* [Data section]:

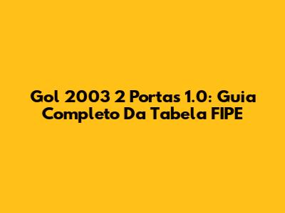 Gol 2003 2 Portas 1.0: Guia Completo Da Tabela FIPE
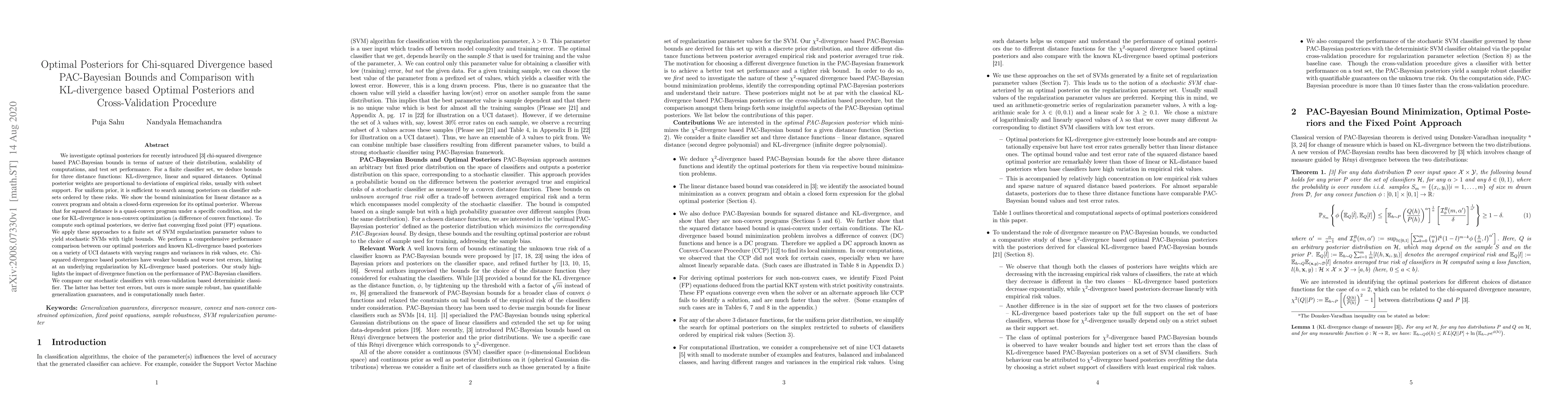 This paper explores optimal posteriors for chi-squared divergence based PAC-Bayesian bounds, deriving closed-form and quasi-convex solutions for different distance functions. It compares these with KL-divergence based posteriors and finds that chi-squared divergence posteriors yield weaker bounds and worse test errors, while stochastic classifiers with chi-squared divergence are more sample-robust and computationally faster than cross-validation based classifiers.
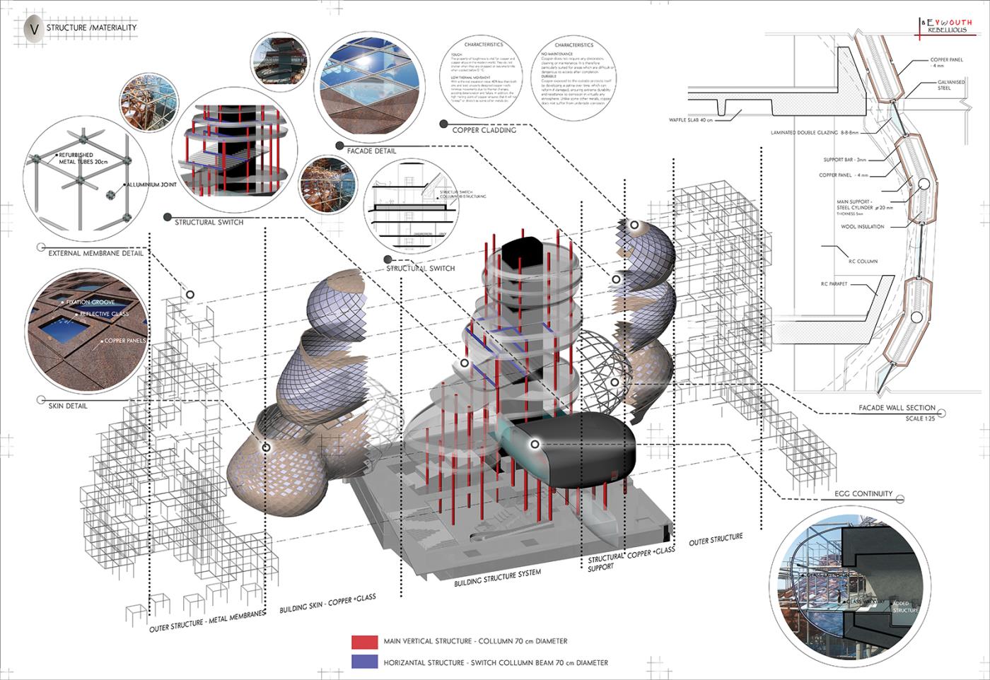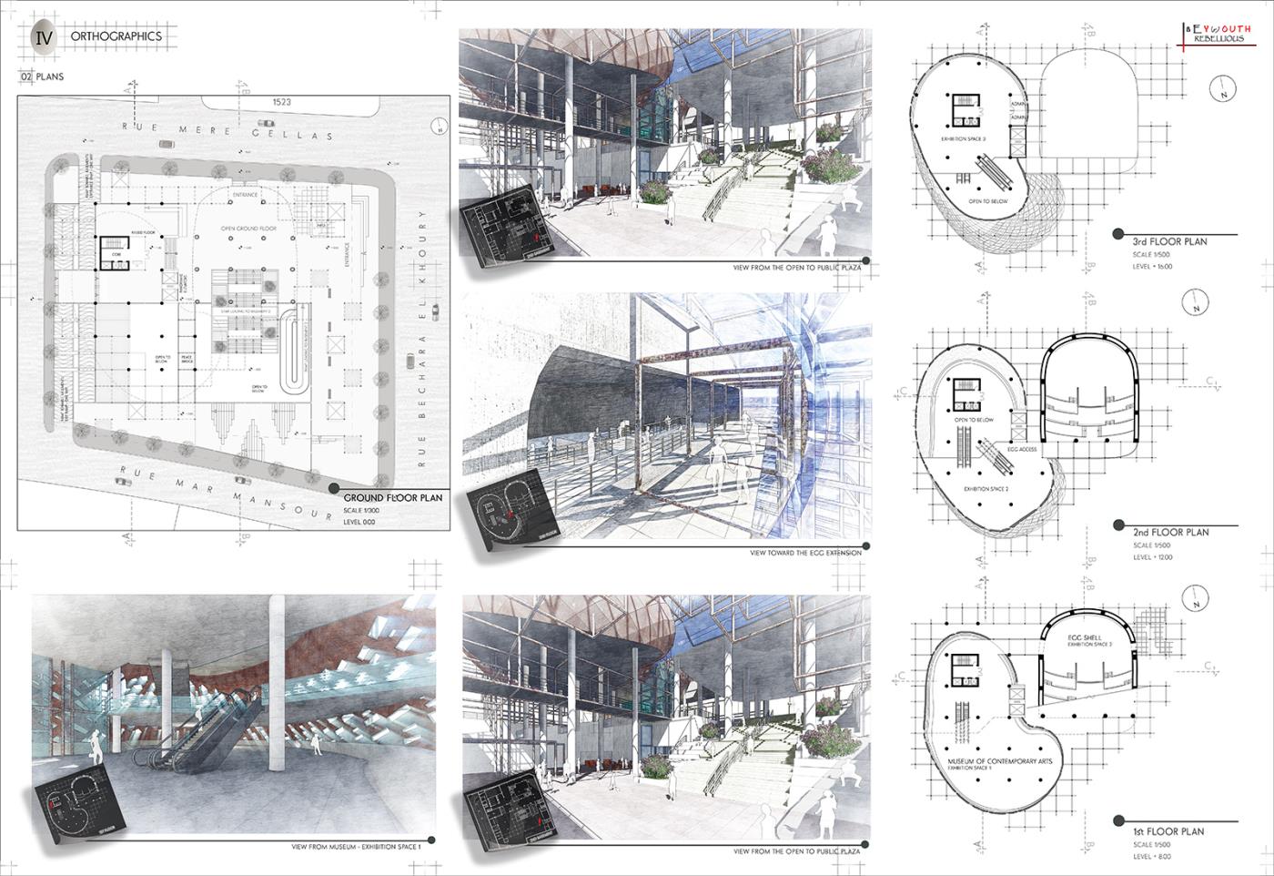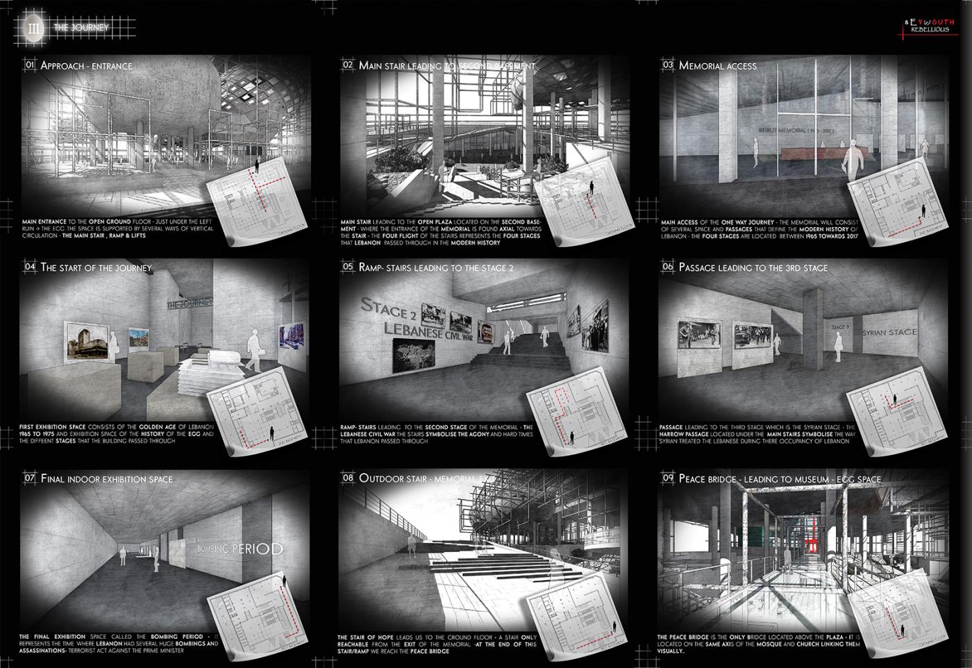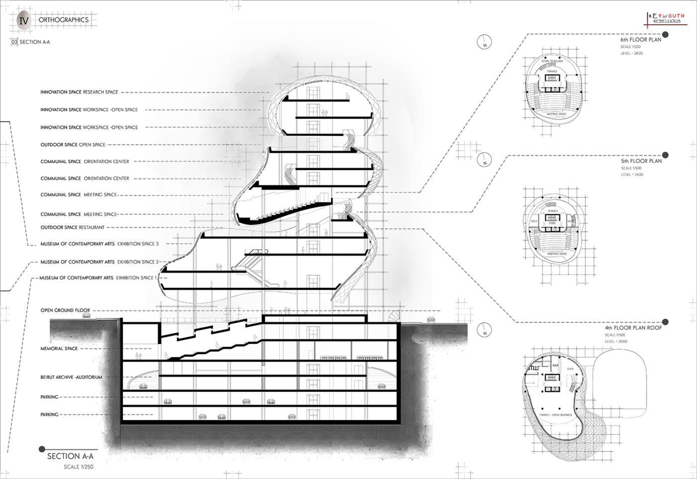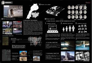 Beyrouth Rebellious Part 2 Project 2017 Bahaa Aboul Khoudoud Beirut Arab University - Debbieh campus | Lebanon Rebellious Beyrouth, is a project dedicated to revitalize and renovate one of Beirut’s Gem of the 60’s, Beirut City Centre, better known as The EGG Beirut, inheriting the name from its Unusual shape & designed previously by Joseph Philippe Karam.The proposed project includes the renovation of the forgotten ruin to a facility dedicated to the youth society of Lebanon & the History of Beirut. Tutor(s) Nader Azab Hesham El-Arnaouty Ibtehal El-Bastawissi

* [Task item]:
Reproduce exactly, and only, the lines from the opening line of the listing above through the line holding "This paper explores", minus the pictures.

* [Exercise answer]:
 Gol 2003 2 Portas 1.0: Guia Completo Da Tabela FIPE
 This paper explores optimal posteriors for chi-squared divergence based PAC-Bayesian bounds, deriving closed-form and quasi-convex solutions for different distance functions. It compares these with KL-divergence based posteriors and finds that chi-squared divergence posteriors yield weaker bounds and worse test errors, while stochastic classifiers with chi-squared divergence are more sample-robust and computationally faster than cross-validation based classifiers.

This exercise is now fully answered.